Importantly, we recognise that the Victorian Government has engaged widely, over many months, with stakeholders including community and environment groups as it finalised the guidelines.

The handbook offers improved clarity around managing environmental impacts and will unlock innovation to protect biodiversity on wind farms – something we have celebrated in the past. The handbook covers all types of impacts from renewable energy, including cumulative impacts, and will be updated in the future to be in line with the best available information. 

The handbook addresses not just ecological impacts, but also impacts on culturally significant species for Traditional Owners, and includes guidance for proponents on how to embed cultural values in projects through partnerships.

Wind turbine in the Smøla wind‐power plant with painted rotor blade (May et al., 2020) via Vulture Conservation Foundation


What’s in the handbook?

The handbook provides guidance for proponents and decision makers about how to manage impacts on Victorian bird and bat species from renewable energy development. It has principles, offers a risk-based approach to impacts, and describes methods by proponents to reduce impacts using mitigation hierarchy. The handbook has species specific guidance for brolga and five bat species identified as ‘of concern’. It outlines avoidance, minimisation and mitigation measures and compensation – which must be used as a last resort. 

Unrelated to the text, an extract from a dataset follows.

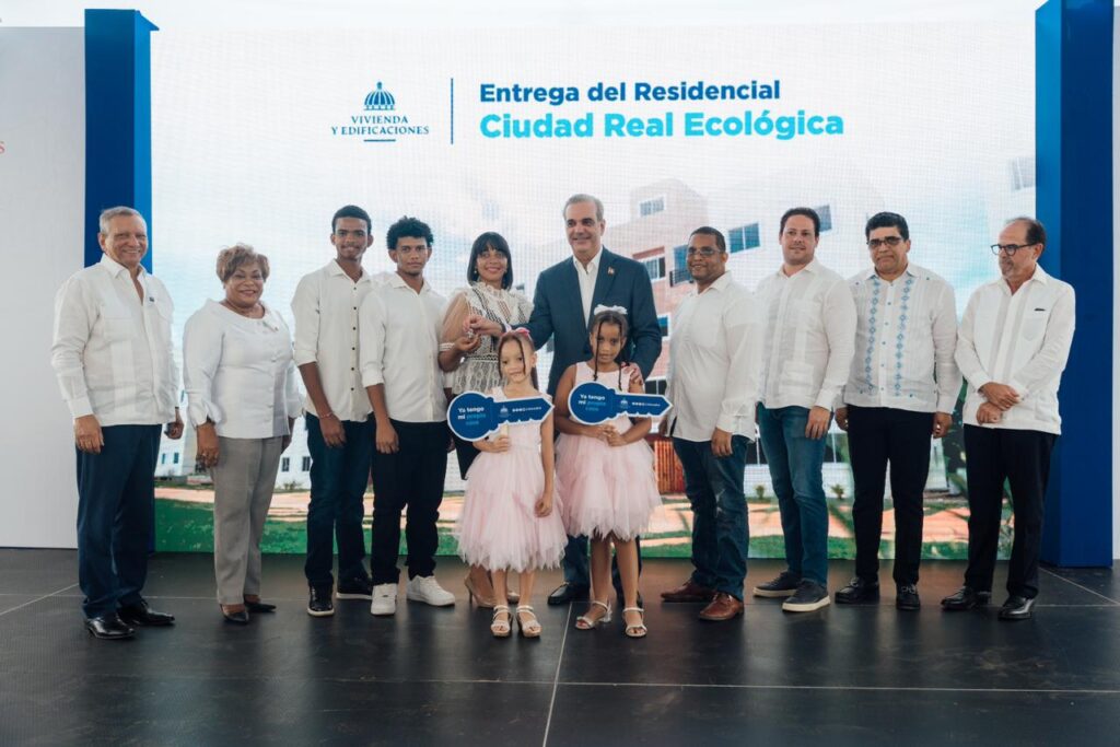 Santo Domingo Este. – El presidente de la República, Luis Abinader, junto al ministro de Vivienda y Edificaciones (MIVED), Carlos Bonilla, encabezó este domingo la entrega de 488 nuevos apartamentos en el Residencial Ciudad Real Ecológica, ubicado en el muncipio Santo Domingo Este.

The finalised brolga guidance has been welcomed by the industry as a key step in resolving the maze of ‘interim guides’ that led to delays in decision-making.

Key principles outlined in the handbook include:

  • Renewable energy development should be encouraged in areas with lower impact on biodiversity
  • Biodiversity impacts from renewable energy developments should be avoided, minimised and mitigated to the maximum extent practicable
  • Only after the avoid, minimise and mitigate steps of the mitigation hierarchy have been applied to the maximum extent practicable can compensatory measures be considered to manage residual impacts.
  • Robust, transparent and accessible monitoring, reporting and adaptive management requirements should be required for renewable energy facilities

The handbook outlines some options for minimisation measures including configuration of turbines on the site, buffer zones and scheduling of construction activity.

It also outlines some potential mitigation measures that can be employed at wind farms, including: 

  • Low wind speed curtailment and smart curtailment such as including radar, thermal/infrared cameras, visual detection cameras (like IdentiFlight which we’ve talked about previously), weather radar or acoustic detectors. 
  • Increasing the visibility of infrastructure to warn bird species of its presence
  • Preventing turbines from spinning below below the manufacturer cut-in speed
  • Installing acoustic deterrent devices 
  • Adjusting turbine height 
  • Modifying fencing to minimise barrier effects
  • Configuration of electricity transmission lines

Supporting targeted research for future improvements

The Victorian Government is working with the Arthur Rylah Institute for Environmental Research (ARI) in pursuing a research agenda to plug the knowledge gaps that has informed the handbook, including:  

ARI are also pursuing parallel research projects that are ongoing such as buffer distance for bats. It’s worth having a look at their work. This research has been used to inform the Government’s Handbook for the development of renewable energy in Victoria. 

Some questions still remain, such as how will the soon-to-be finalised Victorian Transmission Plan and this handbook interact with each other?

Also, how will the handbook interact with national environmental protection laws? New federal Environment Minister Murray Watt has indicated his plans to pick up reforms to our national environmental legislation, which are urgently needed to halt species and ecosystem decline and move us towards a nature positive future. Is this a standard that the guide will help to deliver?

Overall, we see the release of this handbook as a positive step forward in reducing impacts on Victorian bird and bat species from wind farms. We will keep an eye on any further action from this handbook and how its guidelines are implemented.